* [Exercise prompt] Images aside, the whole listing should be written out word for word.

* [Information shown]
+ + + +
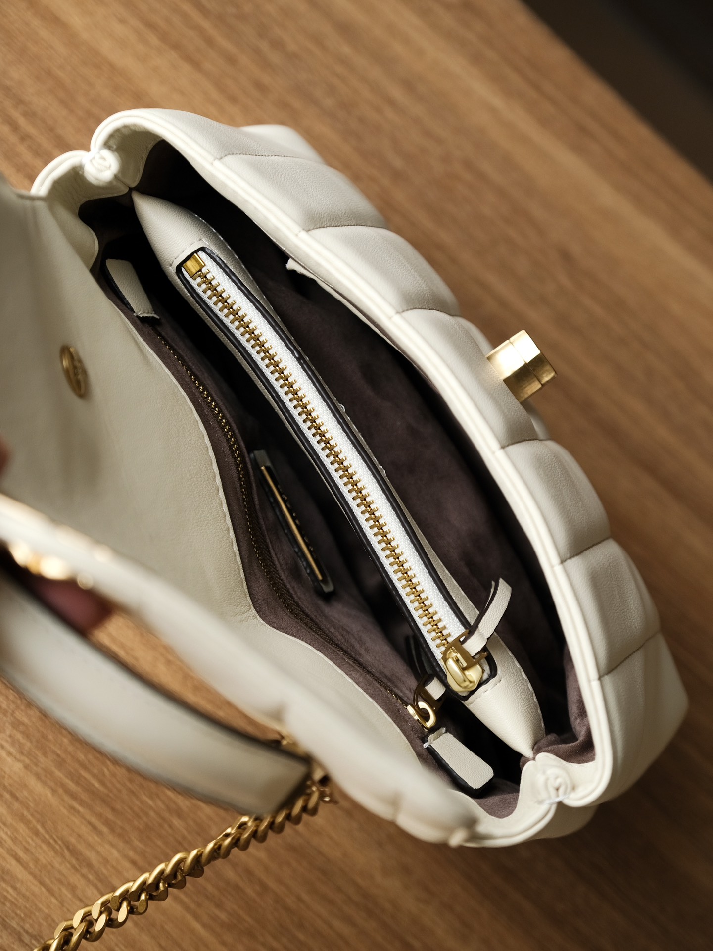 采用双T型图案旋锁封口,设计别致,手感超级柔软 轻便,多种背法 空间容量大,有肩带可以斜挎单肩手柄可以手拎(可搭配丝巾),容量适合日常所需
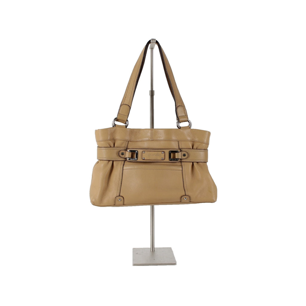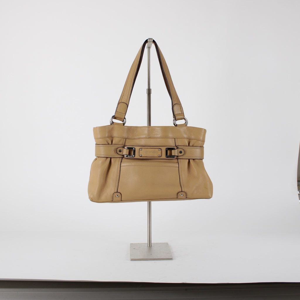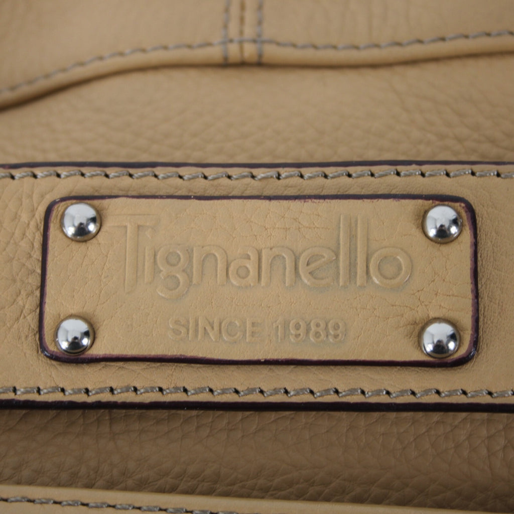 Tignanello 14 x 9 x 3 Tan Silver Hardware Double Handles Leather PVC Poly Purse
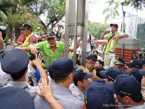 該社團(tuán)會員過于激動,又推又拉竟把臺灣“立法院”大門圍墻上的鐵欄桿推倒,企圖沖入,與警方發(fā)生推擠。
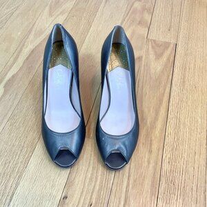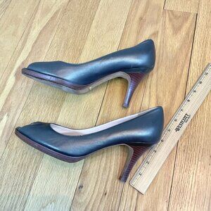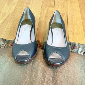 Cole Haan Pumps Leather Peep Toe High Heels in Neutral Olive Green (10)
+ + + +
* [Result of this exercise]
 采用双T型图案旋锁封口,设计别致,手感超级柔软 轻便,多种背法 空间容量大,有肩带可以斜挎单肩手柄可以手拎(可搭配丝巾),容量适合日常所需
 Tignanello 14 x 9 x 3 Tan Silver Hardware Double Handles Leather PVC Poly Purse
 該社團(tuán)會員過于激動,又推又拉竟把臺灣“立法院”大門圍墻上的鐵欄桿推倒,企圖沖入,與警方發(fā)生推擠。
 Cole Haan Pumps Leather Peep Toe High Heels in Neutral Olive Green (10)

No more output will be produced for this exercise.